European Commission chief spokesperson Margaritis Schinas said the move would impact Europe's "energy independence and security interests."
The Commission prepared a list of eight projects that would be affected.
The list includes: Baltic Liquefied Natural Gas (Shell and Gazprom); Blue Stream (Eni and Gazprom); CPC Pipeline (Shell, ENI and Rosneft); Nord Stream 1 (various European firms and Gazprom); Nord Stream 2 (various European companies and Gazprom); Sakhalin II expansion (Shell and Gazprom); Shah Deniz and South Caucasus Pipeline (BP and Lukoil); and Zhor Field (BP, Eni and Rosneft).
As the Congressional vote neared, the EU stepped up efforts to minimize the impact on European firms, with a dedicated diplomatic mission dispatched to Washington over the weekend of July 22-23 to convince legislators to soften the terms of the text.
One key change lobbied for would see the permitted threshold for Russian participation in energy projects raised from 10 percent to 33 percent. However, even the much diluted version of the draft bill would impact the eight projects.
The amended draft resolution is to be voted on first by Congress, then the Senate, before ratification by President Donald Trump.
Officials are said to be confident the watered down version will be passed at all three stages — although whatever the outcome, the European Commissioners will meet July 26 to discuss the next steps.
This could well entail retaliatory measures, launched within days — Mr. Schinas said the EU was prepared to respond "adequately and immediately" if necessary, although still expressed hope a robust response would not be needed.
However, any corrective measures taken against the US would require the support of all member states, which includes countries opposed to Nord Stream 2 — among them Poland and other Eastern European countries, which believe the project would increase Europe's energy dependency on Russia.
The EU's opposition to fresh sanctions on Russia is understandable. Not driven by principled opposition to the baselessness of the punitive measures, instead many European capitals are concerned about the impact such sanctions would have on their own economies — an unnamed EU official has been quoted in the mainstream media as saying new sanctions would be "brutal" for European firms involved with Russian pipeline projects on the continent, which are many.
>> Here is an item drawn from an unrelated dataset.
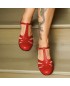 Red Genuine Leather Vintage T-Strap Low Heel Shoes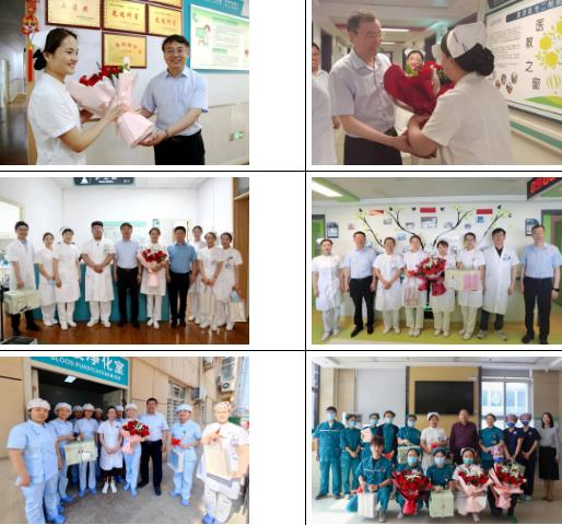 上午9點,醫(yī)院領(lǐng)導(dǎo)班子成員來到各個護理單元,為護理工作者送上精心準備的鮮花、蛋糕和慰問品。每到一處,院領(lǐng)導(dǎo)們都與護理人員親切握手,并詳細詢問大家的工作和生活情況,表達醫(yī)院的關(guān)心和支持,送去節(jié)日的祝福。院領(lǐng)導(dǎo)高度贊揚了護士們在臨床工作中的辛勤付出和無私奉獻,并表示護理工作者是醫(yī)院的寶貴財富,是患者康復(fù)的重要力量,各位的努力和付出,為醫(yī)院的發(fā)展做出了重要貢獻。

After all, Europe initially went along willingly with the first wave of anti-Russian sanctions levied by the US in March 2014, when the parliament of Crimea declared the region's independence from Ukraine following a legal referendum, and formally applied to become part of Russia — although even then, the EU was careful to exempt oil and gas from sanctions, given the bloc's dependence on Russian supplies.EU leaders regretted their decision when Russia responded with a program of sanctions of its own on countries that had sanctioned it.
The result was that EU goods exports to Russia duly fell by as much as 14.5 percent, amounting to losses as high as US$63.2 billion, and a contraction of the bloc's overall GDP by at least —0.4 percent every year the sanctions were in effect, and falls of over one percent in many Central and Eastern European countries.
In particular, Germany, formerly the largest single exporter to Russia, was deleteriously affected, to the point some economists have attributed the country's major economic wobble in 2014 to Russian countersanctions.
Given it is the EU that suffers most from anti-Russian sanctions, Brussels' fervent opposition to the US' bewildering push for an extension and expansion of the program is easily explicable.